In New Jersey, however, an unreported decision of the Appellate Division recently reversed and remanded a derivative claim involving a Delaware limited liability company, holding that a traditional choice of law analysis was applicable. The first step of that process, the Appellate Division held was to ascertain if there was an actual conflict between the state in which the action was being heard and the state where it was was organized.
New Jersey Conflict of Laws Analysis May Trump Internal Affairs Doctrine
The Appellate Division found between New York and New Jersey law and applied the law of New Jersey to the derivative claims at issue. We wrote about that decision recently. (New Jersey Court Rejects Choice of Delaware Law Under RULLCA) Even though New Jersey has adopted a statutory application of the internal affairs doctrine, the court used the traditional analysis.
Derivative claims are an example of the problems that can arise.

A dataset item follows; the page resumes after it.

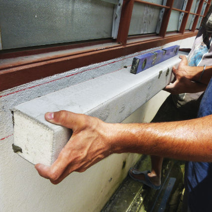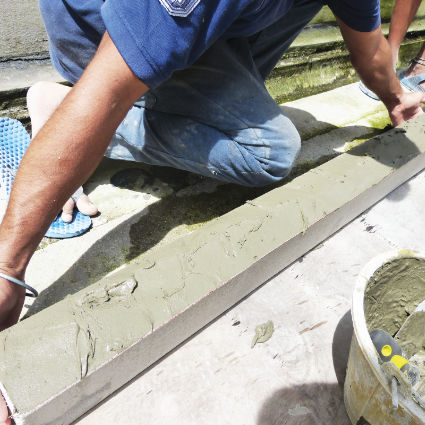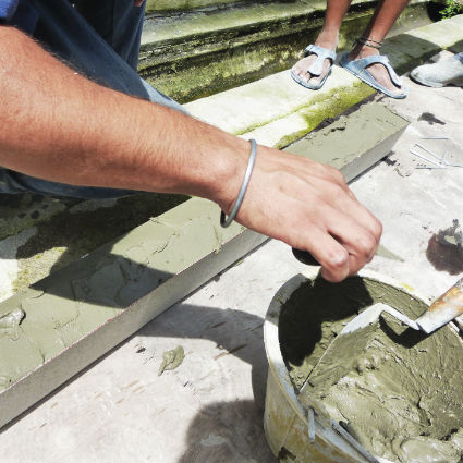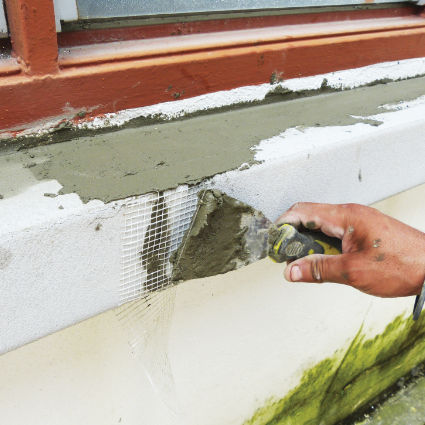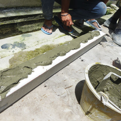 Cover up the fiberglass mesh by applying EPS bond and infill all the gap. Trim all the mixture infill on the gap by using sponge towel or brush.

New Jersey allows a party to plead demand futility, as does New York, but in New Jersey a trial judge has discretion to disregard the rules concerning derivative liability in some circumstances. Pennsylvania has a general hard rule prohibiting futility pleading and requires the business to have an opportunity to have the claims investigated by an independent committee.
New Jersey and Pennsylvania permit the expulsion of limited liability company members, known as involuntary dissociation, while New York does not. In Pennsylvania the claim for involuntary dissociation can be brought by a member or the company. In New Jersey, only by the company.

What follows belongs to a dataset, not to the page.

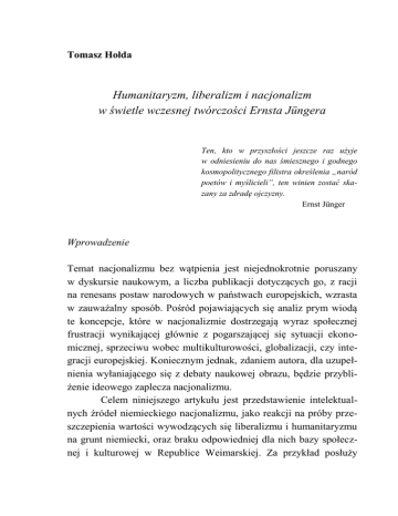 Tomasz Hołda Humanitaryzm, liberalizm i nacjonalizm w świetle wczesnej twórczości Ernsta Jüngera Ten, kto w przyszłości jeszcze raz użyje w odniesieniu do nas śmiesznego i godnego kosmopolitycznego filistra określenia „naród poetów i myślicieli”, ten winien zostać skazany za zdradę ojczyzny. Ernst Jünger Wprowadzenie Temat nacjonalizmu bez wątpienia jest niejednokrotnie poruszany w dyskursie naukowym, a liczba publikacji dotyczących go, z racji na renesans postaw narodowych w państwach europejskich, wzrasta w zauważalny sposób. Pośród pojawiających się analiz prym wiodą te koncepcje, które w nacjonalizmie dostrzegają wyraz społecznej frustracji wynikającej głównie z pogarszającej się sytuacji ekonomicznej, sprzeciwu wobec multikulturowości, globalizacji, czy integracji europejskiej. Koniecznym jednak, zdaniem autora, dla uzupełnienia wyłaniającego się z debaty naukowej obrazu, będzie przybliżenie ideowego zaplecza nacjonalizmu. Celem niniejszego artykułu jest przedstawienie intelektualnych źródeł niemieckiego nacjonalizmu, jako reakcji na próby przeszczepienia wartości wywodzących się liberalizmu i humanitaryzmu na grunt niemiecki, oraz braku odpowiedniej dla nich bazy społecznej i kulturowej w Republice Weimarskiej. Za przykład posłuży Tomasz Hołda wczesna publicystyka Ernsta Jüngera – osoby w żaden sposób nieprzypadkowej, bowiem będącej postacią ikoniczną dla Rewolucji Konserwatywnej – szerokiego nurtu intelektualnego, rozwijającego się w Niemczech w okresie międzywojennym. Artykuł został podzielony na trzy podstawowe części. W pierwszej zaprezentowana zostanie sylwetka Jüngera, ponieważ jego życiorys okazał się kluczowym, zarówno dla promowanej przez Jüngera życiowej postawy, jak i dla recepcji jego dzieł w środowisku niemieckich weteranów i intelektualistów. Ponadto, co równie istotne, w tej części opisane zostanie ogólne tło historyczne, w ramach którego kształtował się niemiecki sprzeciw wobec zastanej rzeczywistości politycznej. Następnie zaprezentowana zostanie intelektualna droga Jüngera, jaką przebył od krytyki liberalizmu i humanitaryzmu do pozycji radykalnego nacjonalizmu, będącego w ujęciu niemieckiego pisarza, negacją dominujących, mieszczańskich postaw. Artykuł kończy się podsumowaniem, którego tezą podstawową jest stwierdzenie, że źródeł postaw radykalnych – zarówno narodowych czy religijnych – nie należy upatrywać jedynie w bieżącej sytuacji ekonomicznej, ale również w domniemanej, moralnej i intelektualnej kompromitacji dotychczas dominujących idei, z liberalizmem i humanitaryzmem włącznie. 1. Republika Weimarska oczyma Ernsta Jüngera Pomimo licznych kontrowersji związanych z jego osobą, Jünger wywarł przemożny wpływ na kulturę niemiecką ubiegłego wieku. Będąc weteranem dwóch wojen światowych – w pierwszej był czternastokrotnie ranny w boju – zaskarbił sobie łaski wśród niemieckich militarystów, stając się niejako głosem pokolenia żołnierzy frontowych. Jako utalentowany pisarz i filozofujący eseista, zasłynął z krytyki wymierzonej przeciw postanowieniom Traktatu 52 Humanitaryzm, liberalizm i nacjonalizm... Wersalskiego oraz Republiki Weimarskiej, stanowiącej jego ucieleśnienie. Powstałe w wyniku przegranej przez II Rzesze wojny, niemieckie państwo od samego początku swojego istnienia spotkało się bowiem z nieprzejednaną niechęcią szerokich, niemieckich kręgów opiniotwórczych – nie tylko środowisk weteranów, ale przede wszystkim intelektualistów kształtujących życie kulturowe powojennych Niemiec. Krytyka sformułowana przez Jüngera nie była zatem odosobniona, a wpisywała się w szerszy, ogólnonarodowy trend powszechnego odrzucenia warunków pokoju. Jednakże racji na indywidualne doświadczenia wojenne gera, jego krytycyzm przybrał formę bezkompromisową, radykalną i na wskroś wojowniczą. Republika Weimarska bowiem, jako państwo ufundowane na narzuconych siłą zasadach liberalizmu społecznego, jawiło się pisarzowi jako twór całkowicie obcy, przeszczep, który w żaden sposób nie może się przyjąć na gruncie Niemieckim. Jünger na kartach Robotnika posunął się nawet do stwierdzenia, że Niemiec niezdolny jest do tego, aby „spożytkować tę wolność, ofiarowaną mu przy pomocy wszelkich sztuk miecza i perswazji i zapisaną w powszechnej deklaracji praw człowieka; była dlań (dla Niemca – T.H), narzędziem, które nie miało związku z jego najbardziej nymi organami”1. Mówiąc wprost podstawowym zarzutem skierowanym w stronę nowej państwowości była nieadekwatność narzuconych struktur społecznych względem niemieckiej esencji kulturowej. Zdaniem Jüngera taki stan rzeczy wynikał z faktu, że Republika Weimarska, to jedynie przejaw woli zwycięzcy – zinstytucjonalizowane narzędzie represji mające na celu zniszczenie tradycyjnego ducha niemieckiego konstytuującego dotychczas wspólnotę Rzeszy. Ponadto, co istotne, ten siłą narzucony dyktat nie tylko niszczy narodowego „ducha niemieckiego” poprzez ciągłe imputowanie Niemcom 1 E. Jünger, Robotnik – panowanie i forma bytu, przeł. W. Kunnicki, WN PWN, Warszawa 2010, s. 16. 53 Tomasz Hołda kompleksu winy, ale również jest narzędziem zbójeckiego, materialnego wyzysku – co w dobitny sposób stwierdza brat Jüngera, Friedrich Georg Jünger. Zdaniem F.G. Jüngera „przeciwnicy Niemiec nie zadowolili się narzuceniem wywalczonej przez siebie przewagi środkami polityczno–wojskowymi, lecz zespolili prawo silniejszego z instrumentami moralnego nacisku i jako strażnicy wyższych wartości moralnych wymusili wyznanie win”2. Scalenie tradycyjnej, politycznej przemocy – skądinąd akceptowanej przez braci Jüngerów – z rodzajem moralnego szantażu zrodziło sytuację, w której pokonany spotkał się z niespotykanym do tej pory natężeniem represji. Paraliż woli wywołany wstydem z

New Jersey has no minimum ownership requirement for oppressed shareholder actions involving corporations. In New York, the plaintiff in an oppressed shareholder action must own at least 20 percent of the shares. The New York corporation can exercise a right to purchase the shares of the plaintiff for fair value, converting the oppression claim into a claim over the value of the shares that the plaintiff must now sell.
Amalgamation Avoids Conflict of Laws Issue
That brings us to the issue of what to do with multiple business entities organized under the law of multiple states. The idea of a “single business entity” or an “amalgamation” has been explicitly addressed only by the courts of South Carolina and Texas. The underlying theory behind the South Carolina Supreme Court has been a combination of a piercing the veil theory and conflicts of law analysis.
The seminal decision, Petruis v. Front Roe Restaurants, involved a South Caroling entity at the hub of the enterprise and a South Carolina plaintiff claiming that he had been wronged. The Supreme Court was willing to look beyond the black letter rule, noting that veil piercing cases involve disputes that “reach beyond the confines of the corporation.”
[T]his threshold amalgamation issue is not as much a question of the inner-workings of foreign corporations as it is an assessment of whether these entities actually operate as a single business enterprise, and thus should be treated as a single entity. Further, one of the three corporate entities, Front Roe, is a South Carolina corporation; much of the conduct at issue occurred, at least in part, in South Carolina; and Pertuis, the minority shareholder, is a South Carolina resident. Accordingly, we conclude the application of South Carolina law is appropriate and that the internal affairs doctrine does not bar our review of this issue.
Where does that leave the parties in a multi-jurisidictional, multi- entity dispute. The amalgamation theory may be the only viable pathway to relief. New York courts, for example, will not grant relief that implicates the sovereignty of another. New Jersey seems as though it has a more liberal approach to choice of law analysis. The outcome is simply uncertain at this point.